§ **What this task involves**
With the material below, print exactly the lines between the line holding "Рождественские и новогодние" and the line holding "اندلع قرابة السادسة", inclusive. Add nothing else.

§ **Data extracts**

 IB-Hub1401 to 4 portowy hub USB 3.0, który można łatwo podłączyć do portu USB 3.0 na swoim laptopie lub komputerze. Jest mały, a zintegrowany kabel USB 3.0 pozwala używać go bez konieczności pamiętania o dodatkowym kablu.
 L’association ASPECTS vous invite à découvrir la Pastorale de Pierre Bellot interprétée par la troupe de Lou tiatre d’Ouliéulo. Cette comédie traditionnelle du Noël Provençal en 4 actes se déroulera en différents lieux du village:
---
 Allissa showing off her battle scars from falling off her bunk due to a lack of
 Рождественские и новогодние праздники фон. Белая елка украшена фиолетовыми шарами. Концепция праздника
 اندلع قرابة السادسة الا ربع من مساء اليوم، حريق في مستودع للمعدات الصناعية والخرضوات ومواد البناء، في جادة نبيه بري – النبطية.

§ **Task response**
 Рождественские и новогодние праздники фон. Белая елка украшена фиолетовыми шарами. Концепция праздника
 اندلع قرابة السادسة الا ربع من مساء اليوم، حريق في مستودع للمعدات الصناعية والخرضوات ومواد البناء، في جادة نبيه بري – النبطية.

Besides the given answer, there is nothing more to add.